### [INFORMATION GIVEN]
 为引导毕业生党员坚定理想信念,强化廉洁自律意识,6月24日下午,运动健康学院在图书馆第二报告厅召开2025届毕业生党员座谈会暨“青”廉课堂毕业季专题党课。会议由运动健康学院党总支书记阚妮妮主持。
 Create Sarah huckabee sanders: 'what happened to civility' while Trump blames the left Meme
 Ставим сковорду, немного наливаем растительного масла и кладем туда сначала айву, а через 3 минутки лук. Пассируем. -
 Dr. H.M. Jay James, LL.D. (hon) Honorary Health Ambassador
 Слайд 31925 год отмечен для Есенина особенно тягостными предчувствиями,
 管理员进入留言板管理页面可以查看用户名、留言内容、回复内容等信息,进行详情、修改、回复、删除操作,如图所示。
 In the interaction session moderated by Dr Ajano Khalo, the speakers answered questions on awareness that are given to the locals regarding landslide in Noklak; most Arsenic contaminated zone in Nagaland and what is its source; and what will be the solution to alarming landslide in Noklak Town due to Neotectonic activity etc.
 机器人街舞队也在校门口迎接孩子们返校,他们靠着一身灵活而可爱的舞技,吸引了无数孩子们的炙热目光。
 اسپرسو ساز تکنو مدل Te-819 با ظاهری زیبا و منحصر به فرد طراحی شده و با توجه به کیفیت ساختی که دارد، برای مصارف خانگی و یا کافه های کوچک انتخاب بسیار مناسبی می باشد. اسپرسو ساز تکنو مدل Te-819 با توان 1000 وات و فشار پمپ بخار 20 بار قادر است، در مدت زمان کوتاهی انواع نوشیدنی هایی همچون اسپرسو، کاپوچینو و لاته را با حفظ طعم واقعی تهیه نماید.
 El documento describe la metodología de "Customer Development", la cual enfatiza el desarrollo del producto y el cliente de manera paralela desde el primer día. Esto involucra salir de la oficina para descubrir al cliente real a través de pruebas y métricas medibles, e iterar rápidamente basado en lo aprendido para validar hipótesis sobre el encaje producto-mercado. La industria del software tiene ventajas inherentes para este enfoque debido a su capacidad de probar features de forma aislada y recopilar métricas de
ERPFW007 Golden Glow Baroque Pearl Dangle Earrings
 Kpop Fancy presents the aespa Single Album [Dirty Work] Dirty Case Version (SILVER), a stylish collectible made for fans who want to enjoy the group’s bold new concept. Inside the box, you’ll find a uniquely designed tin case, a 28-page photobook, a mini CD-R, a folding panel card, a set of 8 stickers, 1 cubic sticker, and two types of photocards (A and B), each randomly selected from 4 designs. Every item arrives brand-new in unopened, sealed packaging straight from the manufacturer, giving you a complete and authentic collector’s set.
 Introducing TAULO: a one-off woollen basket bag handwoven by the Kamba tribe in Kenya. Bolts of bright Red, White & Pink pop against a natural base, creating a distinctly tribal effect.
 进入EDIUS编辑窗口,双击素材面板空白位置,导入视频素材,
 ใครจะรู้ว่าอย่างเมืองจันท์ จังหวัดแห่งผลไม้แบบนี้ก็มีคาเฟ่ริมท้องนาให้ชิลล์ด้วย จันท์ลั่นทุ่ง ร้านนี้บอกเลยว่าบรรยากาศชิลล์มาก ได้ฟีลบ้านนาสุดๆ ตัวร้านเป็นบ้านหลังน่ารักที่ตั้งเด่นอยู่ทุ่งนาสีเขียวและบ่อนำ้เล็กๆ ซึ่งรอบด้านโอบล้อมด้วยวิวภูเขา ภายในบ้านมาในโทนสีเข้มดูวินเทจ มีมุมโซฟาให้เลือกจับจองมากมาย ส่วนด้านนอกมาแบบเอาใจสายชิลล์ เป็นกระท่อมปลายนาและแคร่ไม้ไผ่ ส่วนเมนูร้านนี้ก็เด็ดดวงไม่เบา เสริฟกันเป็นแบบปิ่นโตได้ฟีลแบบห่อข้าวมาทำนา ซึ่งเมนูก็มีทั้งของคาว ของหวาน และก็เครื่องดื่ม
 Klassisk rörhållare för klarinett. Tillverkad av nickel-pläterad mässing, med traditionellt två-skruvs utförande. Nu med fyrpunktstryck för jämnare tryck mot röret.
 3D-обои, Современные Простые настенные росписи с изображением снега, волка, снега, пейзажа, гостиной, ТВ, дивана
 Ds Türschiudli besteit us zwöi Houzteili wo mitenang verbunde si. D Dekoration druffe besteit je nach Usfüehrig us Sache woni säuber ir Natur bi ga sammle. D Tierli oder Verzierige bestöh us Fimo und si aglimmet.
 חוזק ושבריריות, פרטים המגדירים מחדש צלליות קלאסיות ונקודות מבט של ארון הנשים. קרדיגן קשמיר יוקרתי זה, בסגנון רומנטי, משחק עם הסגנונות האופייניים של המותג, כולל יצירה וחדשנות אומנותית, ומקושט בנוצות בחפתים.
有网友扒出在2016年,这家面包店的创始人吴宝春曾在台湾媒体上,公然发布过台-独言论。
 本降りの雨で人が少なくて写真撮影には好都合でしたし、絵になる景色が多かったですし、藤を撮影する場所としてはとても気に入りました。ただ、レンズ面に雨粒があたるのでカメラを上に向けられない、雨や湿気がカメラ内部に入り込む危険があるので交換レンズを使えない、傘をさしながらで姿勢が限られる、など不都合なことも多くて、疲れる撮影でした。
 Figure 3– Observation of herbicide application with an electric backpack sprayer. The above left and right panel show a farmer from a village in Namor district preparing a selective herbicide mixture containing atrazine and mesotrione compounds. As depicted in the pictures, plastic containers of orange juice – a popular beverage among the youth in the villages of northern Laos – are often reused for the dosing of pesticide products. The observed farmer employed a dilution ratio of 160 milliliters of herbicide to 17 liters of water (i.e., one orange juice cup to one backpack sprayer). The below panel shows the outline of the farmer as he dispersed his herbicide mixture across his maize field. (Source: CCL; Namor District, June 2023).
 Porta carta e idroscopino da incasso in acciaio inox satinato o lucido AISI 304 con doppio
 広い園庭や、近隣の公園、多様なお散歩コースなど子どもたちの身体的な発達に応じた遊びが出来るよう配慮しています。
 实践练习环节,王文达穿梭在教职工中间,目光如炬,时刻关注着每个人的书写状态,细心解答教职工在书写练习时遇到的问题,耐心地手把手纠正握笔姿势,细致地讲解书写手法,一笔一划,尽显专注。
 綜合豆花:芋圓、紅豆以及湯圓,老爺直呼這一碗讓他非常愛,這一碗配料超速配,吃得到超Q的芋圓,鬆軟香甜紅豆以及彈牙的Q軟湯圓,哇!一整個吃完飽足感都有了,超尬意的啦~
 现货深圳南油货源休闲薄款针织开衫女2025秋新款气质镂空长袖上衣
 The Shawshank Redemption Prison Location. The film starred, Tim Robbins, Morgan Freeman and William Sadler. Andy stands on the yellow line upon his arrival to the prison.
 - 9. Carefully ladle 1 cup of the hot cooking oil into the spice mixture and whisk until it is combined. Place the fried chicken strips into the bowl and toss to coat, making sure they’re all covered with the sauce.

### [WHAT THE TASK REQUIRES]
Output each line of the data exactly as it stands above.

### [RESPONSE]
 为引导毕业生党员坚定理想信念,强化廉洁自律意识,6月24日下午,运动健康学院在图书馆第二报告厅召开2025届毕业生党员座谈会暨“青”廉课堂毕业季专题党课。会议由运动健康学院党总支书记阚妮妮主持。
 Create Sarah huckabee sanders: 'what happened to civility' while Trump blames the left Meme
 Ставим сковорду, немного наливаем растительного масла и кладем туда сначала айву, а через 3 минутки лук. Пассируем. -
 Dr. H.M. Jay James, LL.D. (hon) Honorary Health Ambassador
 Слайд 31925 год отмечен для Есенина особенно тягостными предчувствиями,
 管理员进入留言板管理页面可以查看用户名、留言内容、回复内容等信息,进行详情、修改、回复、删除操作,如图所示。
 In the interaction session moderated by Dr Ajano Khalo, the speakers answered questions on awareness that are given to the locals regarding landslide in Noklak; most Arsenic contaminated zone in Nagaland and what is its source; and what will be the solution to alarming landslide in Noklak Town due to Neotectonic activity etc.
 机器人街舞队也在校门口迎接孩子们返校,他们靠着一身灵活而可爱的舞技,吸引了无数孩子们的炙热目光。
 اسپرسو ساز تکنو مدل Te-819 با ظاهری زیبا و منحصر به فرد طراحی شده و با توجه به کیفیت ساختی که دارد، برای مصارف خانگی و یا کافه های کوچک انتخاب بسیار مناسبی می باشد. اسپرسو ساز تکنو مدل Te-819 با توان 1000 وات و فشار پمپ بخار 20 بار قادر است، در مدت زمان کوتاهی انواع نوشیدنی هایی همچون اسپرسو، کاپوچینو و لاته را با حفظ طعم واقعی تهیه نماید.
 El documento describe la metodología de "Customer Development", la cual enfatiza el desarrollo del producto y el cliente de manera paralela desde el primer día. Esto involucra salir de la oficina para descubrir al cliente real a través de pruebas y métricas medibles, e iterar rápidamente basado en lo aprendido para validar hipótesis sobre el encaje producto-mercado. La industria del software tiene ventajas inherentes para este enfoque debido a su capacidad de probar features de forma aislada y recopilar métricas de
ERPFW007 Golden Glow Baroque Pearl Dangle Earrings
 Kpop Fancy presents the aespa Single Album [Dirty Work] Dirty Case Version (SILVER), a stylish collectible made for fans who want to enjoy the group’s bold new concept. Inside the box, you’ll find a uniquely designed tin case, a 28-page photobook, a mini CD-R, a folding panel card, a set of 8 stickers, 1 cubic sticker, and two types of photocards (A and B), each randomly selected from 4 designs. Every item arrives brand-new in unopened, sealed packaging straight from the manufacturer, giving you a complete and authentic collector’s set.
 Introducing TAULO: a one-off woollen basket bag handwoven by the Kamba tribe in Kenya. Bolts of bright Red, White & Pink pop against a natural base, creating a distinctly tribal effect.
 进入EDIUS编辑窗口,双击素材面板空白位置,导入视频素材,
 ใครจะรู้ว่าอย่างเมืองจันท์ จังหวัดแห่งผลไม้แบบนี้ก็มีคาเฟ่ริมท้องนาให้ชิลล์ด้วย จันท์ลั่นทุ่ง ร้านนี้บอกเลยว่าบรรยากาศชิลล์มาก ได้ฟีลบ้านนาสุดๆ ตัวร้านเป็นบ้านหลังน่ารักที่ตั้งเด่นอยู่ทุ่งนาสีเขียวและบ่อนำ้เล็กๆ ซึ่งรอบด้านโอบล้อมด้วยวิวภูเขา ภายในบ้านมาในโทนสีเข้มดูวินเทจ มีมุมโซฟาให้เลือกจับจองมากมาย ส่วนด้านนอกมาแบบเอาใจสายชิลล์ เป็นกระท่อมปลายนาและแคร่ไม้ไผ่ ส่วนเมนูร้านนี้ก็เด็ดดวงไม่เบา เสริฟกันเป็นแบบปิ่นโตได้ฟีลแบบห่อข้าวมาทำนา ซึ่งเมนูก็มีทั้งของคาว ของหวาน และก็เครื่องดื่ม
 Klassisk rörhållare för klarinett. Tillverkad av nickel-pläterad mässing, med traditionellt två-skruvs utförande. Nu med fyrpunktstryck för jämnare tryck mot röret.
 3D-обои, Современные Простые настенные росписи с изображением снега, волка, снега, пейзажа, гостиной, ТВ, дивана
 Ds Türschiudli besteit us zwöi Houzteili wo mitenang verbunde si. D Dekoration druffe besteit je nach Usfüehrig us Sache woni säuber ir Natur bi ga sammle. D Tierli oder Verzierige bestöh us Fimo und si aglimmet.
 חוזק ושבריריות, פרטים המגדירים מחדש צלליות קלאסיות ונקודות מבט של ארון הנשים. קרדיגן קשמיר יוקרתי זה, בסגנון רומנטי, משחק עם הסגנונות האופייניים של המותג, כולל יצירה וחדשנות אומנותית, ומקושט בנוצות בחפתים.
有网友扒出在2016年,这家面包店的创始人吴宝春曾在台湾媒体上,公然发布过台-独言论。
 本降りの雨で人が少なくて写真撮影には好都合でしたし、絵になる景色が多かったですし、藤を撮影する場所としてはとても気に入りました。ただ、レンズ面に雨粒があたるのでカメラを上に向けられない、雨や湿気がカメラ内部に入り込む危険があるので交換レンズを使えない、傘をさしながらで姿勢が限られる、など不都合なことも多くて、疲れる撮影でした。
 Figure 3– Observation of herbicide application with an electric backpack sprayer. The above left and right panel show a farmer from a village in Namor district preparing a selective herbicide mixture containing atrazine and mesotrione compounds. As depicted in the pictures, plastic containers of orange juice – a popular beverage among the youth in the villages of northern Laos – are often reused for the dosing of pesticide products. The observed farmer employed a dilution ratio of 160 milliliters of herbicide to 17 liters of water (i.e., one orange juice cup to one backpack sprayer). The below panel shows the outline of the farmer as he dispersed his herbicide mixture across his maize field. (Source: CCL; Namor District, June 2023).
 Porta carta e idroscopino da incasso in acciaio inox satinato o lucido AISI 304 con doppio
 広い園庭や、近隣の公園、多様なお散歩コースなど子どもたちの身体的な発達に応じた遊びが出来るよう配慮しています。
 实践练习环节,王文达穿梭在教职工中间,目光如炬,时刻关注着每个人的书写状态,细心解答教职工在书写练习时遇到的问题,耐心地手把手纠正握笔姿势,细致地讲解书写手法,一笔一划,尽显专注。
 綜合豆花:芋圓、紅豆以及湯圓,老爺直呼這一碗讓他非常愛,這一碗配料超速配,吃得到超Q的芋圓,鬆軟香甜紅豆以及彈牙的Q軟湯圓,哇!一整個吃完飽足感都有了,超尬意的啦~
 现货深圳南油货源休闲薄款针织开衫女2025秋新款气质镂空长袖上衣
 The Shawshank Redemption Prison Location. The film starred, Tim Robbins, Morgan Freeman and William Sadler. Andy stands on the yellow line upon his arrival to the prison.
 - 9. Carefully ladle 1 cup of the hot cooking oil into the spice mixture and whisk until it is combined. Place the fried chicken strips into the bowl and toss to coat, making sure they’re all covered with the sauce.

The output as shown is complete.